2a. The "artist" file should distinguish between composer, conductor, orchestra/ensemble, and soloists. We should be able to collapse that all into "artist" if that's how we want to see it, or expand it if we want to see more precision. There should also be a category for librettist/lyricist. We should be able to specify whether we want to see the artists' full names or just surnames. (There could be a global setting and exceptions by artist, as perhaps I want surnames generally, but in the case of Clara Schumann or Johann Christian Bach I want to see the full name.)

2b. A track should be able to be listed as more than one genre. So, a single track could be simultaneously listed as "classical," "romantic," and "piano concerto" or perhaps ("piano and orchestra"). For the sake of the sort feature, one of those should be listed as "primary genre" (or something like that) and the rest can be "other."

2c. The "mood" field should work like the "genre" field.

2d. The default option with instrumental classical music tracks that do not have a title should be something like movement number and initial tempo. Like "3. Adagio molto e cantabile." (Please note that some words should not be capitalized. I asked the good Lord Himself how ugly is "Adagio Molto E Cantabile?" He evidently has not been able to think of an adequate response.) But we should be able to expand it if we want to see "Adagio molto e cantabile - Andante moderato - Tempo primo - Andante moderato - Adagio - Lo stesso tempo." There could be a global "always show initial tempo" option, "always show all tempi" option, a "never show tempi" option, and then we should be able to select some tracks as exceptions to the global option.

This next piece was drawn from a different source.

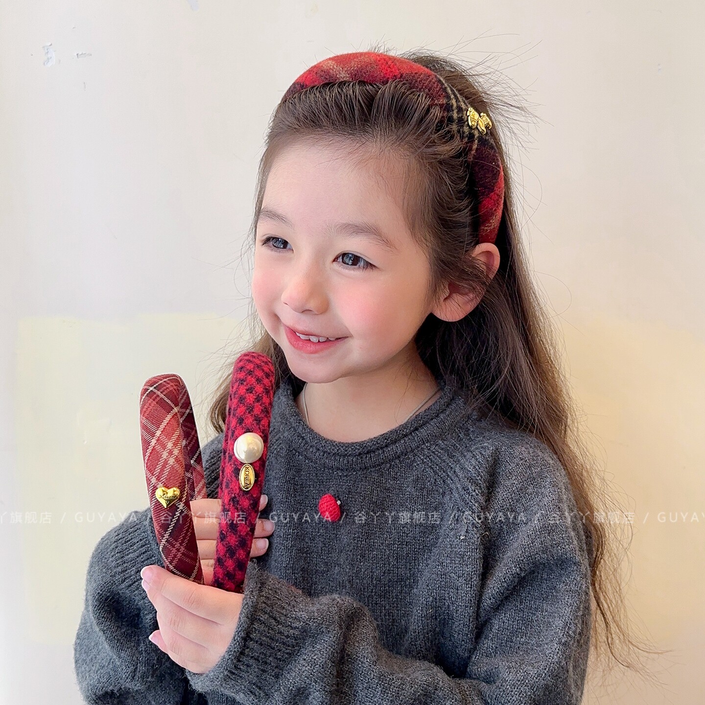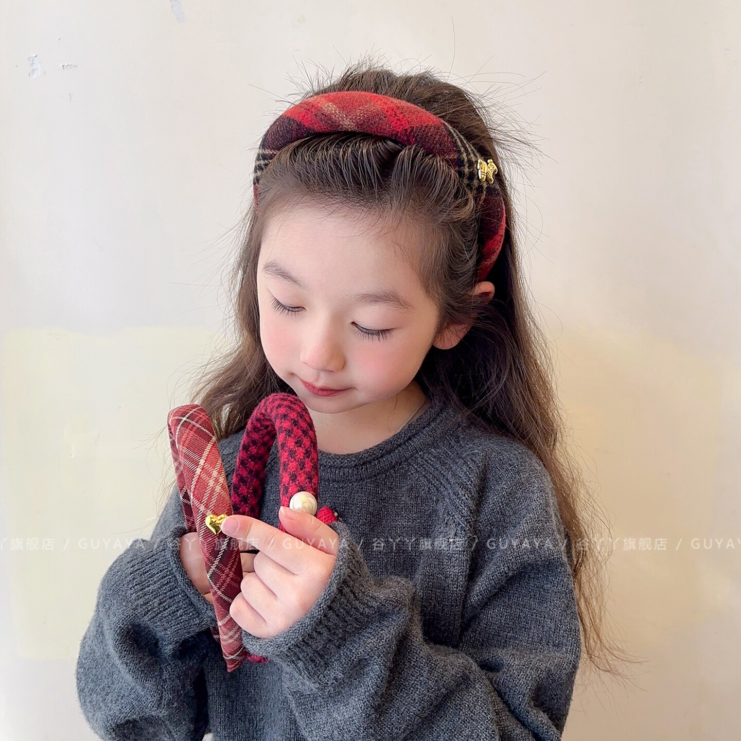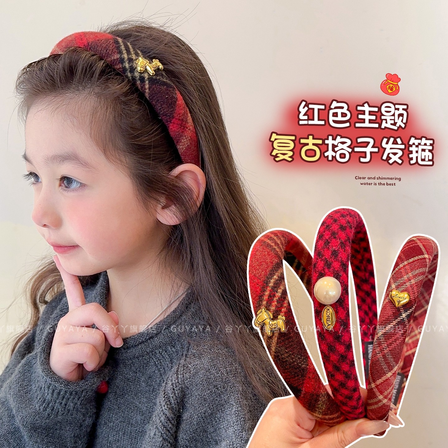 📚 儿童红色系格纹发箍女童2026新款韩版头箍女孩拜年喜庆氛围感发饰

2e. All the diacritical marks should be correct. We should never have to see something like "Faure: Pelleas et Melisande" again. Ever. _Ever_.

3. The files should automatically arrange themselves into nested folders. As soon as I upload the Kleiber disk, there should be a "Classical Music" folder, and inside that a "By Composer" folder and others like that ("By Performer" at least). Inside the "By Composer" folder there'll be a "Beethoven, Ludwig van (1770-1827)" folder, and inside that a "Symphony #5 in C minor, op. 67" folder, and inside that, a "Kleiber: Vienna Philharmonic Orchestra (1974)" folder. And so on. Automatically.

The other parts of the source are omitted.